Maçın güzelliklerinden biri Muslera’nın geri dönüşüydü. Galatasaray için çok önemli ve takım için bir futbolcudan öte bir kimlik Muslera. Bundan sonra Galatasaray’ın oyununu da olumlu yönde etkileyecek gibi.
Günümüzün anormal şartlarında artık hiçbir takım eksik, sakat, cezalı gibi mazeretlerin altına saklanamıyor. Elde kim kaldıysa oynamak zorundalar. O yüzden artık teknik direktörlerin bu konuda sızlanmalarına bir son vermeleri gerekiyor.
Üç günde bir maç, aslında futbolcuları da seyircileri de yavaştan bezdirmeye başlasa bile, karşılaşmalar başlayınca heyecan hemen geri geliyor. Galatasaray – Denizlispor maçı da böyle bir havada oynandı. Çevremde futbol seven insanlar bile takımlarının hangi gün maçı olduğunu takip etmekte zorlanıyor.
Galatasaray, ligin ilk haftalarındaki Saracchi üzerinden soldan yüklenme futbolundan vazgeçmiş gibi. Bu maçta ilk yarıda yapılan ve hiçbiri isabet bulmayan 11 orta, bu durumun efektif olmadığının kanıtı gibi. Her şeyden önce Saracchi, eksi formunu bir türlü yakalayamadı. Üst üste yaşadığı adale sakatlıkları, futbolcunun süratini kesmiş, ortalarını etkilemiş gözüküyor. Bu son maçlarda da, Denizlispor maçının ilk yarısında da böyleydi. İkinci yarı o ünlü deparını bir kere hem de ortadan atınca, golü de sağlamış oldu. Sonra da maç sonuna kadar eski günlerine dönüş sinyalleri verdi.
Feghouli ise maçın adamı olmak için oynadı. Sanki sakatlıktan yeni dönen o değilmiş gibiydi. Sarı kırmızılı takımın önemli silahlarından olan Cezayirli, belki de yılın en iyi futbolunu ortaya koyması, önümüzdeki haftalar için de umut verdi.
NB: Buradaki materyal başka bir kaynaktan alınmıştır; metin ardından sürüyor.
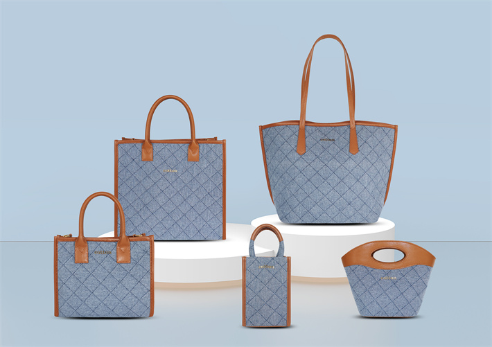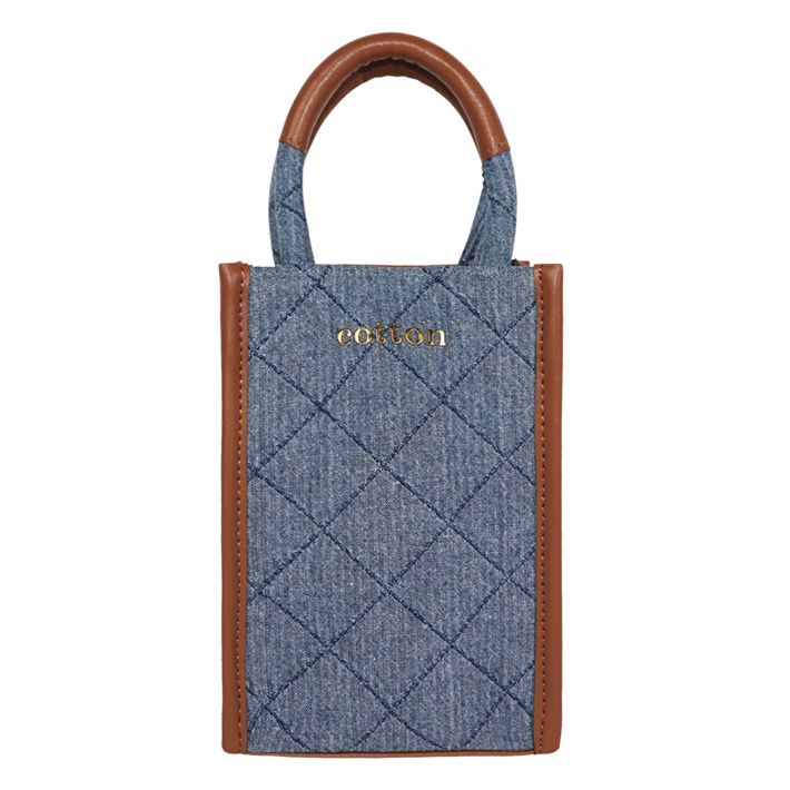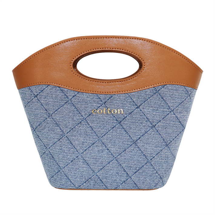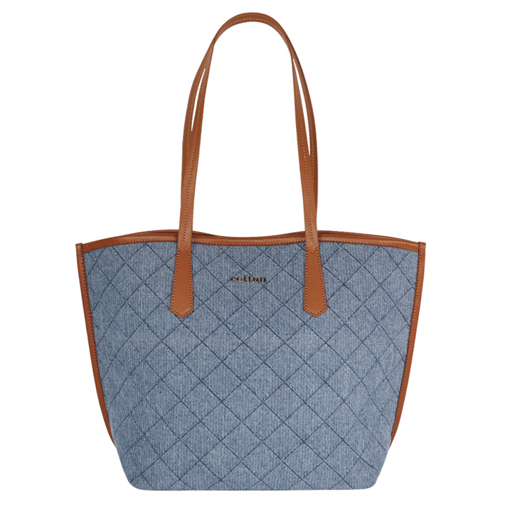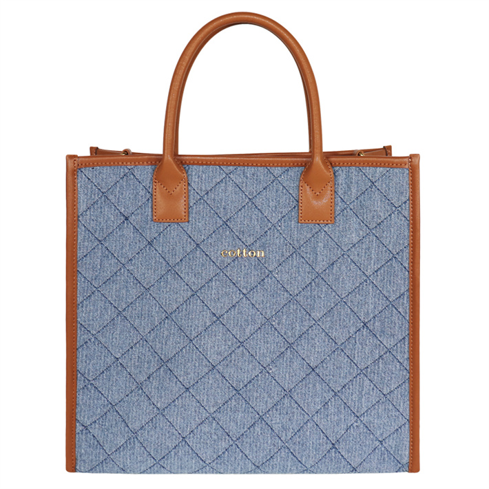日本手提斜挎包定制菱格熱切嘜牛仔色通勤托特包帆布拼皮手背提包
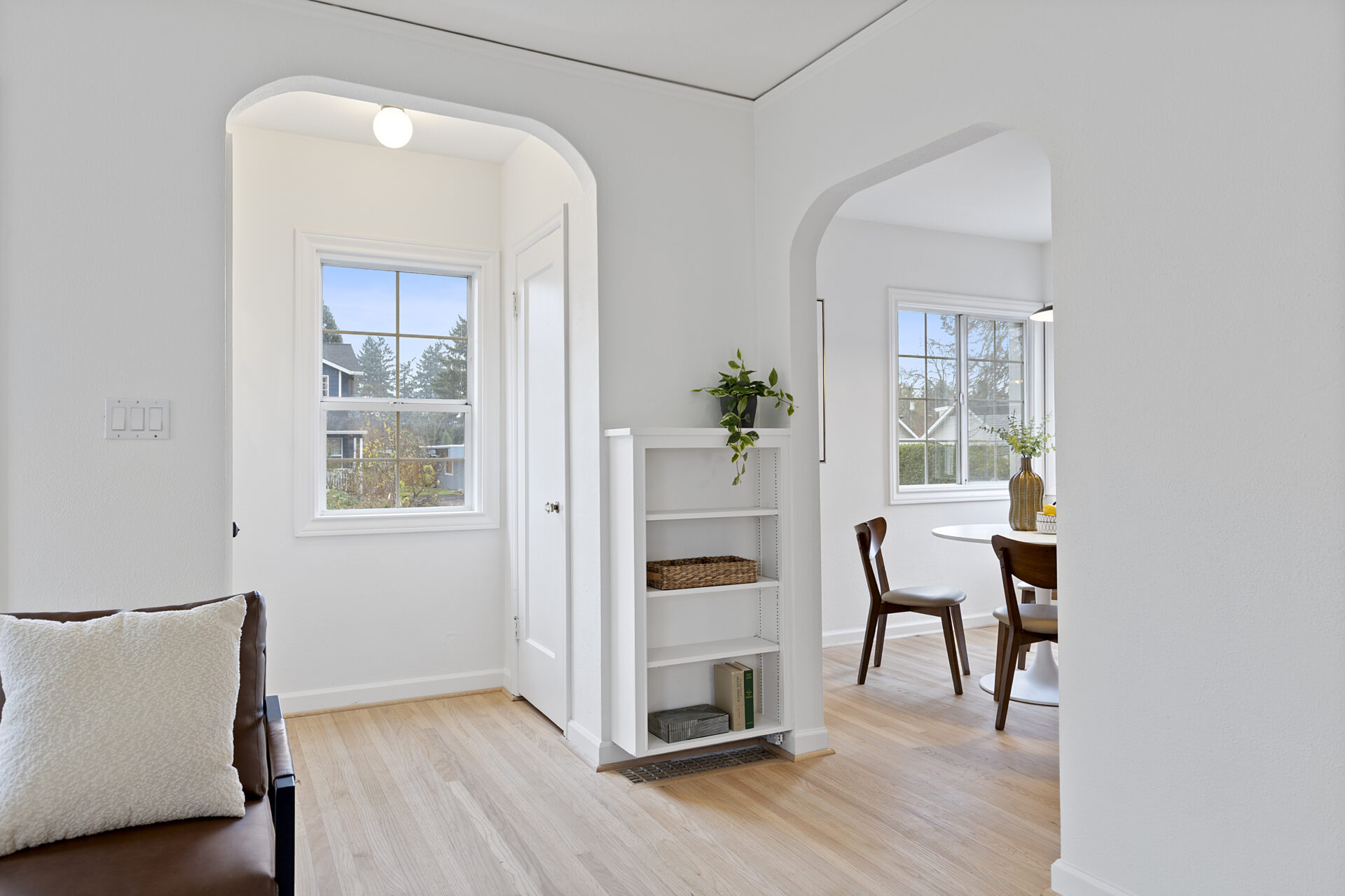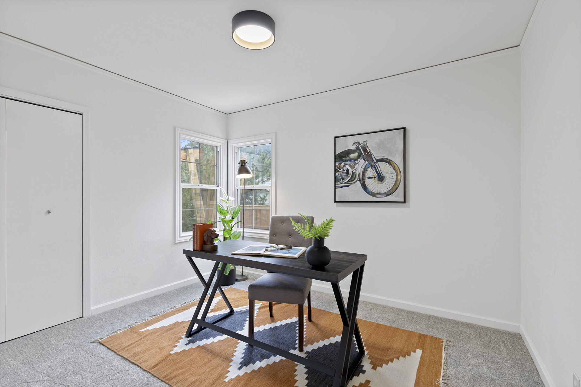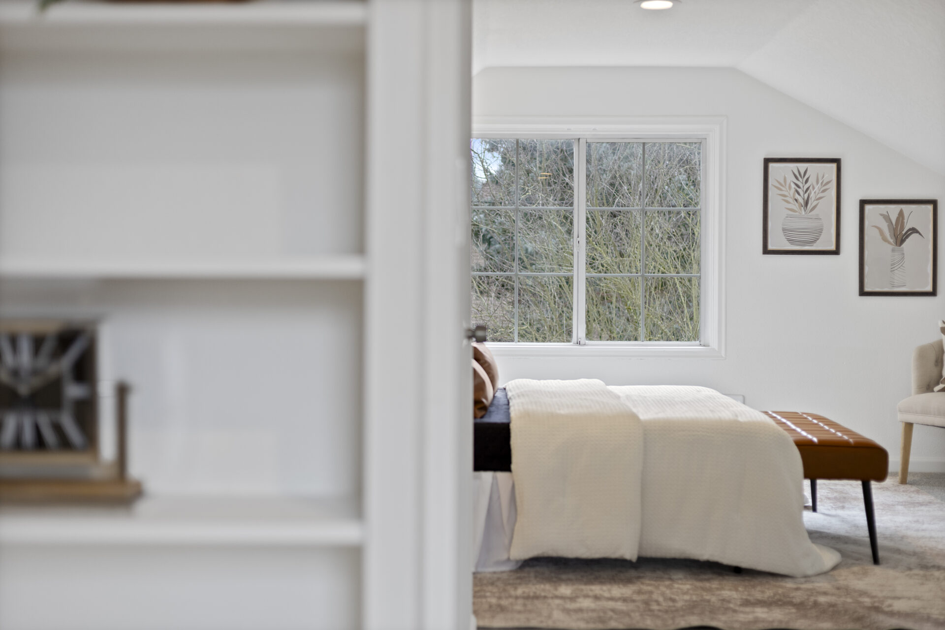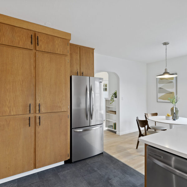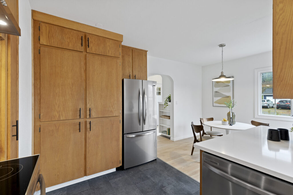 A Classic Cape Cod Cottage blends timeless character with practical updates in a peaceful, tree-lined setting. The main level features a bright, functional layout with refinished hardwood floors, two comfortable bedrooms with new carpet, and an updated full bath. The refreshed kitchen and dining nook, drenched in natural light, shines with new quartz counters, updated flooring, and new appliances. Upstairs, a spacious en-suite primary with large walk-in closet offers flexibility for sleeping and/or office. The spacious basement with generous ceiling height provides excellent storage and potential for expanded living space. Outside, mature landscaping, off-street parking, and a private fenced yard complete this inviting home. Ideally located in close proximity to parks, schools, and neighborhood amenities. Recent improvements include a newer roof and A/C, new furnace, and fresh exterior paint.
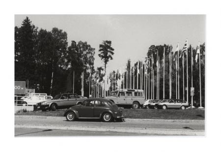 Parkeringsplats med flaggstänger
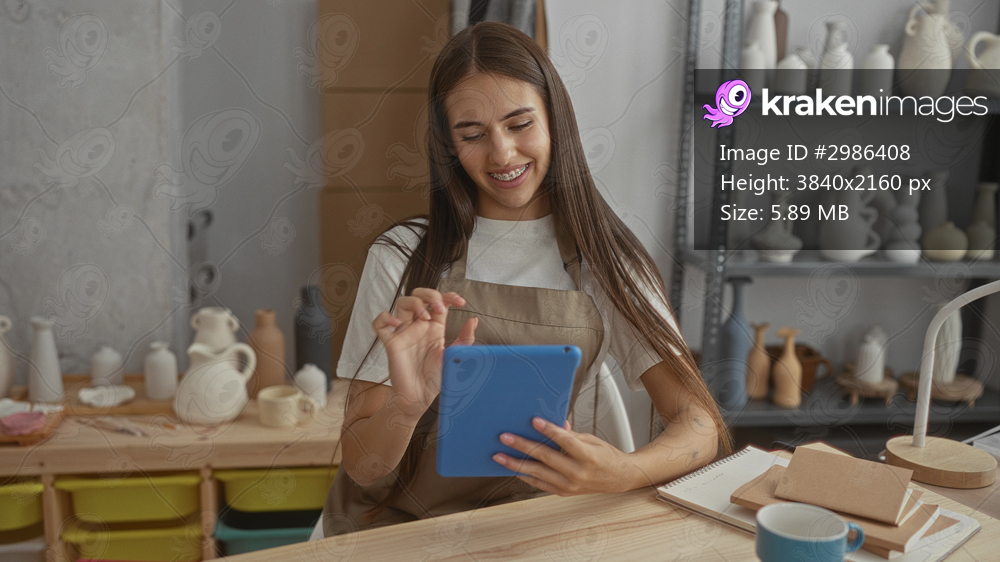 Young woman in apron tapping blue tablet with finger in pottery studio, surrounded by clay vessels and shelves; serene creativity.
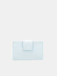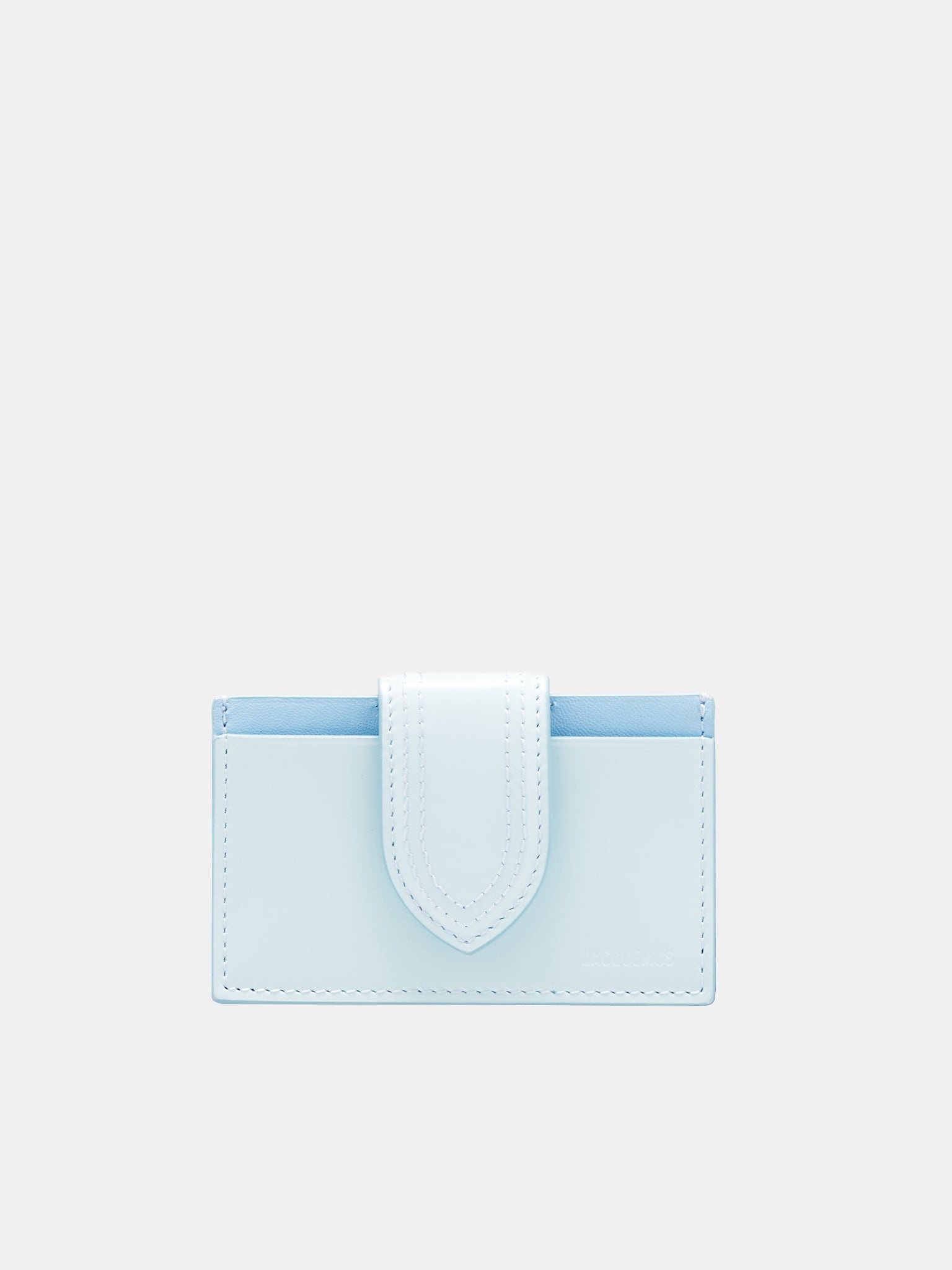JACQUEMUS light blue wallet, coin purse design, genuine leather, magnetic flap closure, card slots, embossed logo. Made in Italy 100% Cow & Lamb Leather 3.9" x 2.4"
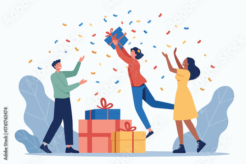 Flat realistic promo banner design featuring diverse people interacting professionally in a modern office.
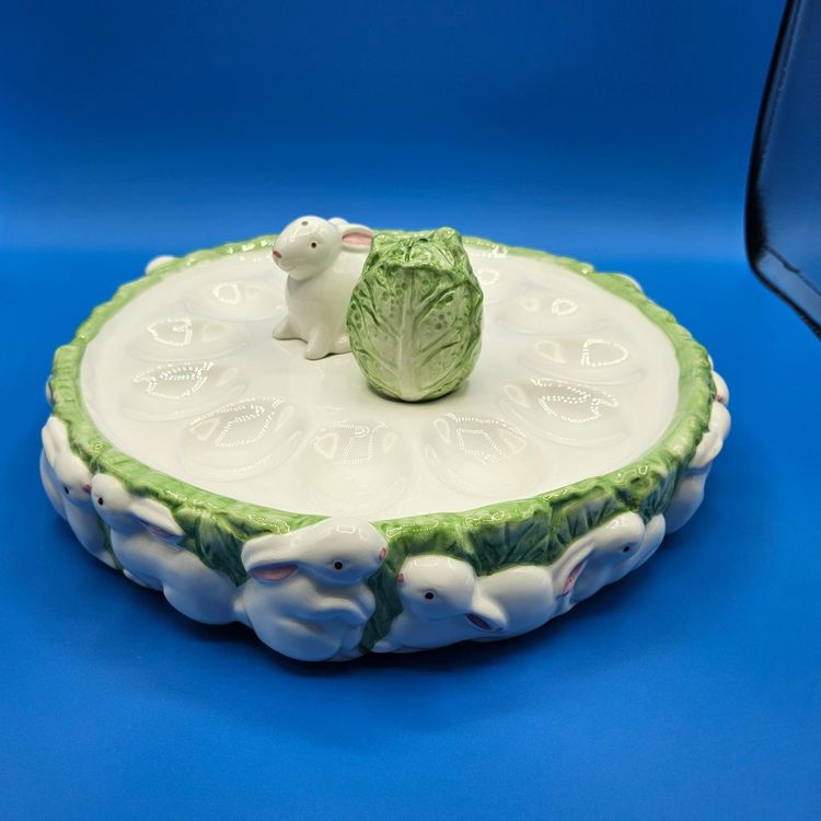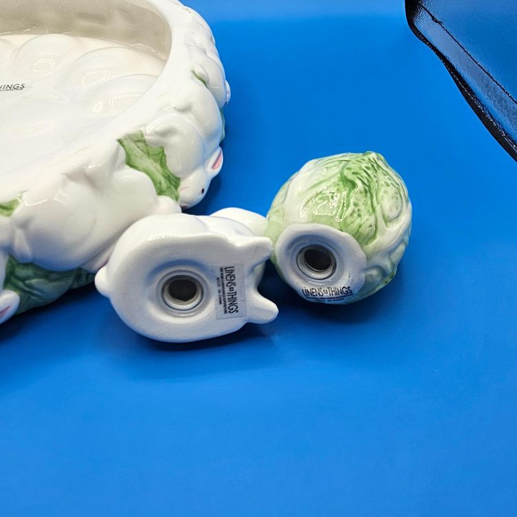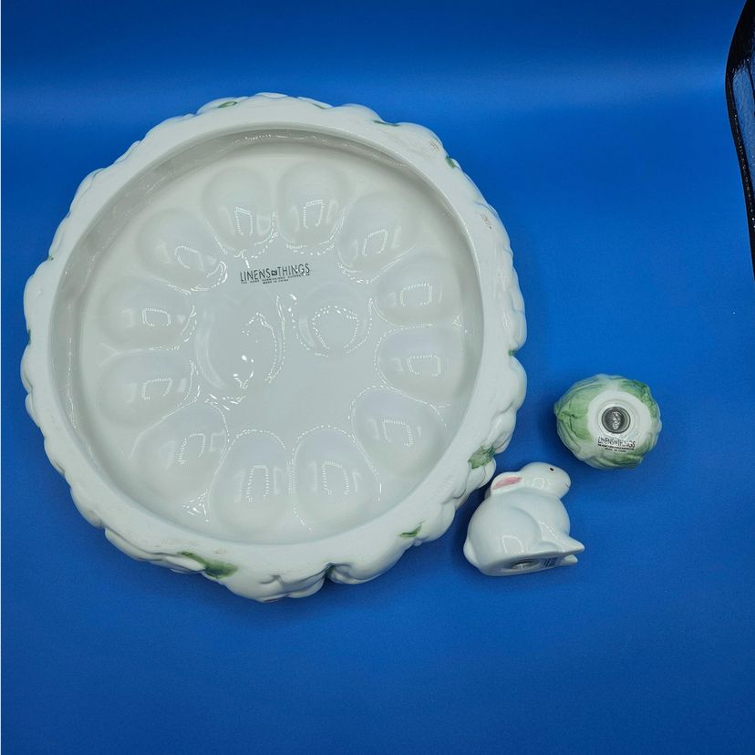 Linen N Things NIB 10.5" Egg Plate With Salt & Pepper Shakers, Easter, Bunny, Cabbage, Ceramic
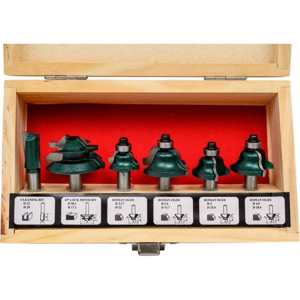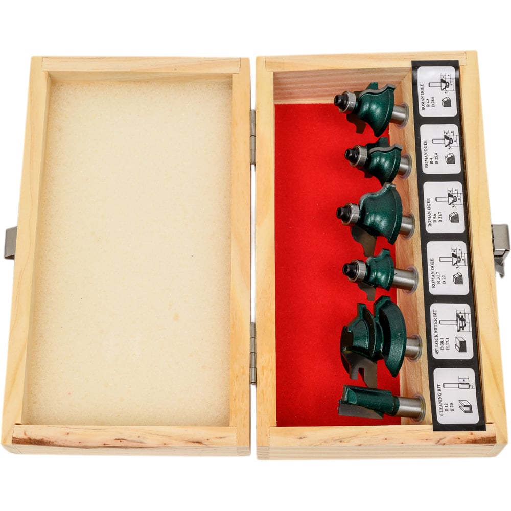 Фрезы по дереву кромочные (6 шт; хвостовик 8 мм) в деревянном боксе FIT 36572
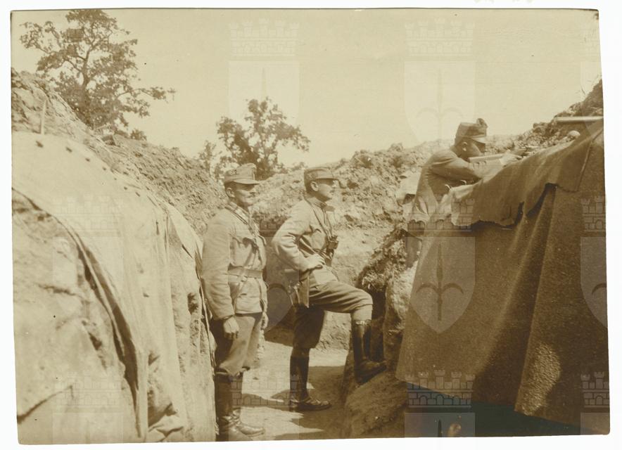 Trincea a Korytnytsia, distretto di Lokachi, costruita dallo squadrone tecnico del 12. Reggimento Ulani dal 20 al 27 luglio 1916. Al centro il capitano di cavalleria Pistor. Si tratta dello stesso scatto stampato in momenti diversi, con commenti diversi manoscritti sul verso
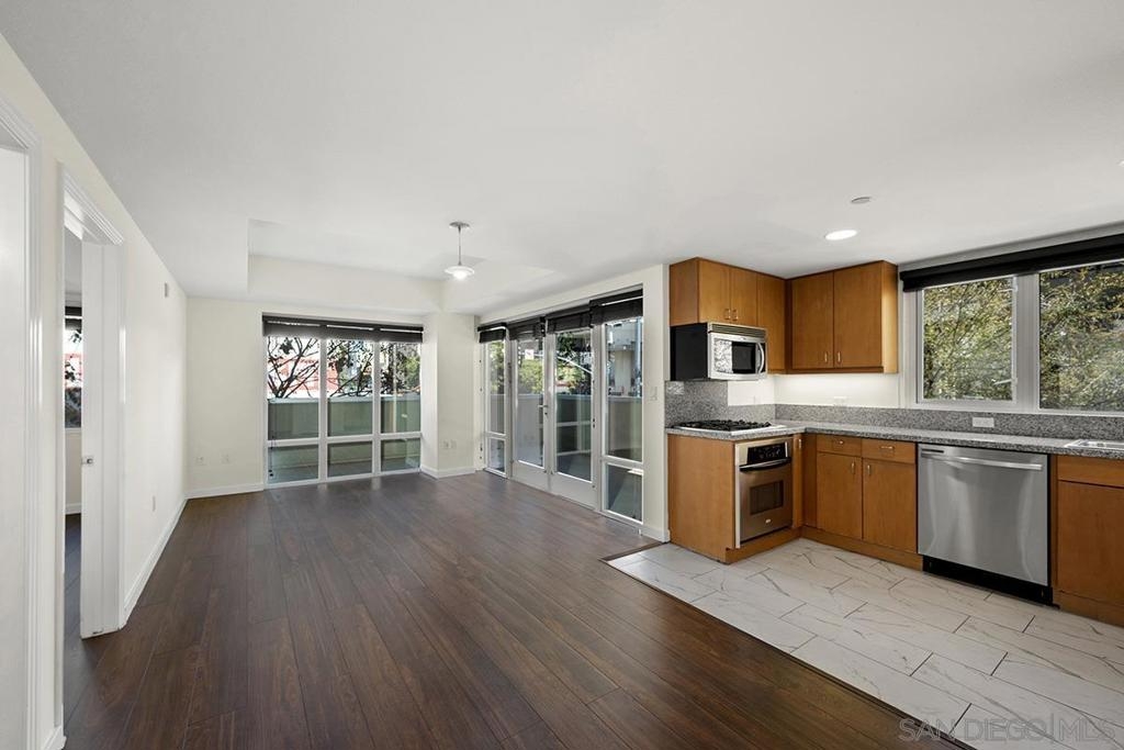 Downtown East Village spacious condo just blocks away from Petco Park, Gaslamp, Seaport Village and Little Italy. This 1 bedroom corner unit offers a large wrap-around balcony, floor to ceiling windows in living room, laminate and tile floors, granite counters in kitchen, maple cabinetry, recessed lighting & stainless steel appliances. Complex amenities include rooftop patio on the 7th floor and fitness center. 1 parking space, 1 storage unit, pet friendly! VA approved and Low HOA! Nexus is centrally located in the heart of East Village downtown San Diego. East Village has easy access to all of the best downtown has to offer such as Petco Park, Gaslamp Quarter, San Diego Bay, Marina, shopping, entertainment and dining. Nexus offers its residents more than 20 unique floor plans, Clubhouse, 7th floor common terrace, Fitness center, Underground parking, and lower HOA's. Complex Features: ,,, Equipment: Dryer,Fire Sprinklers,Garage Door Opener, Washer Sewer: Sewer Available Topography: LL
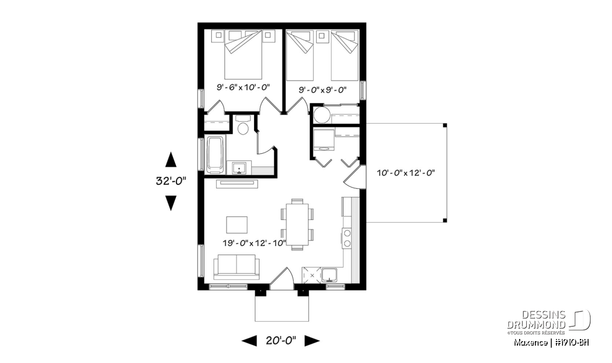 | Largeur | 20'0" | Profondeur | 32'0" |

Galatasaray, evindeki son iki maçta altışar gol attı. Düşeş yani. Tarihinde böyle bir şey var mı, araştırmak lazım. Sonuçta Galatasaray 11 kişi oynadığı maçlarda oldukça başarılı sonuçlar alıyor. Gereksiz uzunluktaki, adı Süper ama kendisi vasat ligimizde en azından taraftarlarını, aralardaki kesintilere rağmen mutlu ediyor.